20. Perhatian

29 8 0
                                    

Sekembalinya dari mengantar Nera, Heza langsung diadang empat temannya.

"Kamu enggak apa-apain dia, 'kan?" seru Derina.

"Aku apain emang?" Heza sampai mengangkat tangannya, kaget.

"Habis lama, sih!"

"Mohon maaf, saya 'kan butuh waktu buat jalan, enggak bisa teleportasi!"

"Sudah, sudah." Syafa menengahi, padahal biasanya ia yang ribut.

"Tadi kalian abis ngapain aja?" tanya Heza.

"Nemenin Evan main," jawab Yosi. Baru bertemu sekejap, dua orang itu sepertinya sudah langsung akrab.

Heza menghela napas. "Ada-ada aja. Kejadian tadi benar-benar di luar dugaan, ya."

"Heja, kamu enggak ngasih obat tidur ke dia, 'kan?" tanya Syafa tiba-tiba.

"Ya, enggak, lah! Emangnya aku kriminal?" Heza langsung tersulut.

"Yah ... habis, kamu aneh, sih." Syafa memutar matanya, lalu nyengir. "Sorry, no offense."

"Enggak usah ikutan sok enggres kamu!" Heza tambah emosi.

"Enggak papa, kali," sahut Yosi kalem. "Biar kedengeran terpelajar. Aslinya sih ... entah, lah, ya ...."

"Yos!" Syafa menggerutu, tetapi ia tak melanjutkan.

"Ya sudah, sekarang ... mau ngapain?" Heza kembali buka suara.

Hening.

"Pinjem Netflix aja, Ja," usul Syafa tiba-tiba. "Jangan belajar mulu. Ngepul, ngepul dah tuh kepala."

"Anda kira ini home Cinema? Bayar!" Heza lagi-lagi ngegas.

"Nonton apa?" Evan, yang sejak tadi diam—lebih tepatnya, memainkan ponsel sambil bergumam-gumam dan mengumpat pelan, akhirnya buka mulut.

"Percayakan padaku!" Syafa langsung menyerobot laptop Heza.

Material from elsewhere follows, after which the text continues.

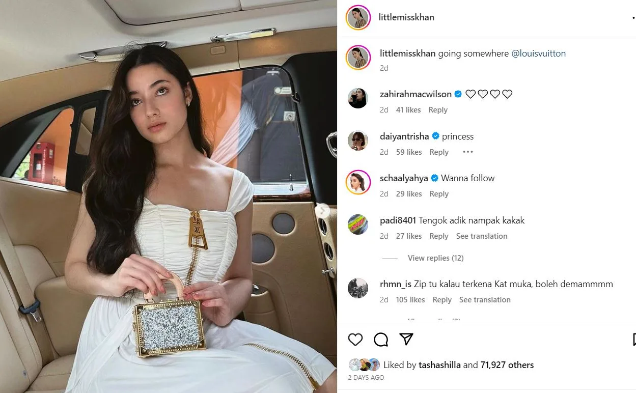 Terbaru, adik kepada Neelofa ini ada memuat naik beberapa keping gambar dia memakai baju berjenama daripada Louis Vuitton.

"Salat Asar dulu," ucap Heza.

Semua langsung hening.

****

Malam itu, Heza kesulitan tidur. Perasaan bersalah menggerogoti hatinya. Mana ia tahu kalau Nera bisa sampai terpicu? Namun, itu juga baru dugaan. Nera sendiri menekankan kata mungkin ketika bicara dengannya tadi.

Besok masuk seperti biasa. Begitulah yang ada di broadcast grup angkatan dan kelas. cast grup angkatan dan kelasnya. Sekarang, Heza kepikiran yang lain juga. Apakah Nera mengetahui info itu? Rasanya tidak. Ponselnya hilang, bukan?

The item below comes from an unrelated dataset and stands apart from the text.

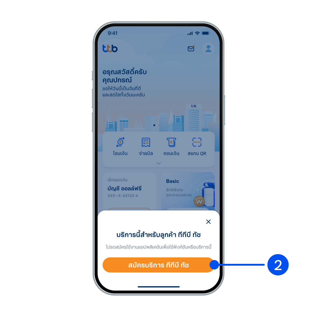 1. เลือก “สมัคร ทีทีบี ทัช”

Kenapa dia jadi overthinking begini?

Heza memandangi ponselnya agak lama. Chat terakhirnya dengan Nera sama sekali belum ada tanda-tanda sudah dibaca. Yah, kalau ada yang balas, malah horor. Heza menarik napas panjang dan melepasnya perlahan.

"Besok aku ke sana deh," gumamnya memutuskan. Entah apa motivasi Heza sebenarnya, apakah ia memang ingin mengabari Nera, atau hanya modus ingin bertemu sebelum masuk sekolah.

Namun, Heza sudah bertekad. Maka, keesokan harinya, ia berangkat lebih pagi dari biasanya. Setelah naik angkutan umum dua kali seperti biasa, ia berbelok ke jalan yang kemarin ditunjukkan Nera. Saat sampai di depan rumah berpagar cokelat yang ditumbuhi tanaman rambat itu, Heza mendadak ragu. Bagaimana ia bisa masuk? Ini 'kan kosan khusus perempuan. Ia tak mungkin asal selonong, tidak bisa pula asal memencet bel–ia pun tak menemukan tombol bel.

Bodoh sekali, bukan?

Maka, Heza akhirnya hanya berdiri diam sambil bersandar tembok pagar. Ia mengecek jamnya, masih pukul enam. Nera biasanya tiba di sekolah sekitar dua puluh menit sebelum bel masuk, yang Heza perkirakan berarti jam-jam sekarang ini Nera keluar. Jalan kaki dari sini sampai sekolah sekitar sepuluh menit.